File spoon-archives/aut-op-sy.archive/aut-op-sy_2003/aut-op-sy.0306, message 82


Subject: Re: AUT: Fetishizing the Zapatistas: a critique of "Change the
From: chris wright <cwright.21stcentury-AT-rcn.com>
Date: 07 Jun 2003 19:07:08 -0500


Some obvious stuff pokes out here.

1.  Louis is arguing for a kind of 'hard fetishism' which Holloway
handles quite succinctly.  In louis' world, fetishism is an accomplished
fact, rather than an ongoing process reproduced daily by commodity
society.  As such, the only way out, if fetishism is accomplished in
fact always-already, then, is to have some vehicle which is not
fetishized.

2.  Here enters the party as that group outside of fetishism.  Of
course, how the party or anyone is outside fetishism is a mystery which
no amount of juggling will resolve.

3.  Cuba again?  Oh god.  Holloway did not mention Cuba because it is
the hobby horse of cranks.  Nicaragua was doing great in healthcare and
education too, so was that socialism?  This idea has nothing, not a jot,
to do with Marx's notions of human liberation.  But let's touch on those
quotes and Mssr. Bukharin for a minute.


> 
> At first blush, all of these books seem driven by the need to proceed 
> directly to something called communism without passing go. All the sordid 
> business associated with what Bukharin called "the transition period" will 
> somehow be leapfrogged by a monumental act of will, especially the bugbear 
> of the autonomist movement: the state.

First, it might be worth noting Lenin's own critique of Bkharin not
grasping dialectics and not really being fully Marxist, made in his
Will.  Second, Bukharin was notorious for the most crude formulations
and positions at times, such as his War Communism stuff and his awful
book on Historical Materialism, not to mention his policies in the
1920's.

> 
> Far be it for me to even suggest that something as pass as Marxist 
> dialectics can still have some value, it would appear to me that speaking 
> in terms of power versus non-power cedes too much to formal logic. 
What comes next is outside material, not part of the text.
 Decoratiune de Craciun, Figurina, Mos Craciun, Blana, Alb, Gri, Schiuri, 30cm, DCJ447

Actually, Holloway focuses on power-over and power-to.  Certainly, this
might be left a bit too cleanly delineated, but collective power of the
women in Chiapas is not power-over in Holloway's sense, but precisely
anti-power in so far as it is the negation of aspects of patriarchal
relations oppressive to the women.

As for dialectic, Holloway is doing his best to rescue it from the
crudities of post-Lenin Leninism, from Lenin's own limitations, (and I
say that only because Lenin, unlike his progeny, made a serious, if
ultimately limited, study of dialectic that went far beyond the nonsense
of Stalinists, Maoists and Trotskyists), and most certainly from
Plekhanovite dialectical materialism.

> In a certain sense, attempts to seize power and transform all of society 
> along the lines described by the Subcommandante are doomed to failure 
> unless humanity overcomes something called "fetishization" which functions 
> in Holloway's schema as a kind of tragic flaw, like Oedipus's pride or Dr. 
> Frankenstein's mad desire to create life from the parts of dead bodies.
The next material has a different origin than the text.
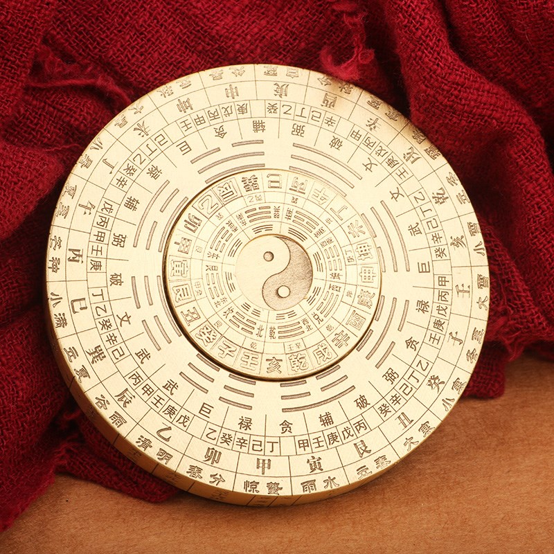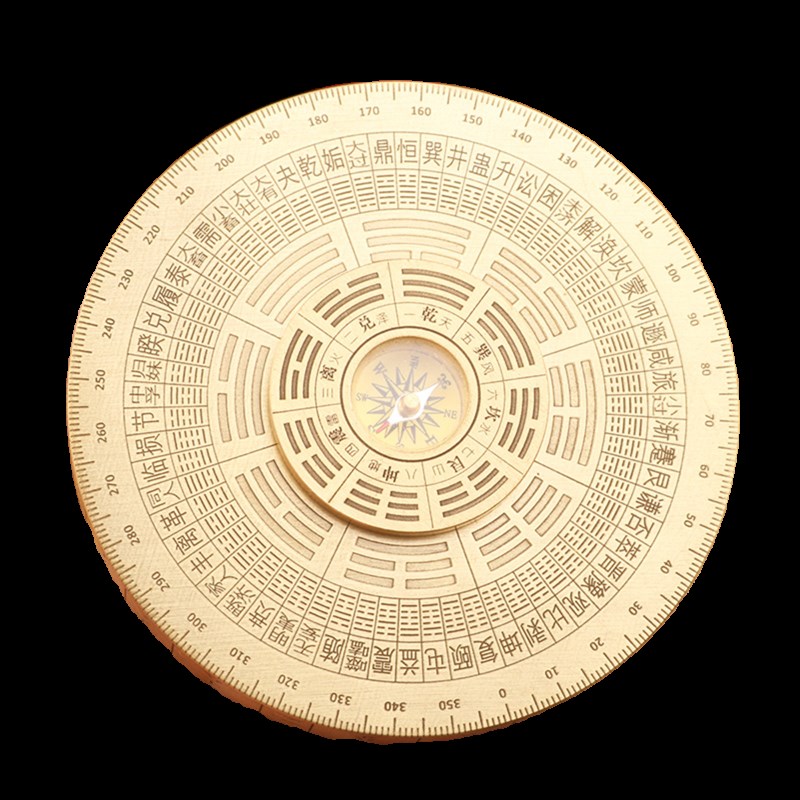 现货速发纯黄铜指南针罗盘太极八卦周易64卦手把件摆件饰品

Fetishism plays the same role for Holloway as it does for Marx: a
central part of the very heart of commodity society, but one which is
ongoing and contradictory.
 
> Leaving aside the question of how to translate this sort of thing into a 
> punchy leaflet that will grab the attention of the average worker, 

Huh?  So many leaflets, so much doctrinaire, boring crap which Leftists
believe is punchy, so little real impact that anyone would want to take
credit for with a clear conscience...

> it does 
> not really convey what Marx was all about in philosophical terms. As a 
> materialist, Marx saw human beings as part of the physical universe: "The 
> first premise of all human history is, of course, the existence of living 
> human individuals. Thus the first fact to be established is the physical 
> organisation of these individuals and their consequent relation to the rest 
> of nature." (German Ideology)

This is not the crude matterism you reduce it to.  This is connected to
Marx's point in the Theses on Feurebach that the subject is first of all
sensuous human beings.

> Within this context, ideas arise from social relationships: "The production 
> of ideas, of conceptions, of consciousness, is at first directly interwoven 
> with the material activity and the material intercourse of men, the 
> language of real life. Conceiving, thinking, the mental intercourse of men, 
> appear at this stage as the direct efflux of their material behaviour." 
> (German Ideology)

This is also not an argument about (fitting link) our material bodies
causing our consciousness, since it is hard to imagine us making even
the most rudimentary tools without thinking.  Rather, this is merely the
argument that those mental processes had prolly not yet quite taken on a
life of their own, but this is arather brief in the span of Homo Sapiens
Sapiens' origin, since that was relatively recent and we can trace back
various religious conceptions almost as far back.  That ideas and
material activity should not have developed much without the development
of human labor is not surprising.  But it is no argument for causal
relations, as if humans were 'doing' and then 'thinking about it'.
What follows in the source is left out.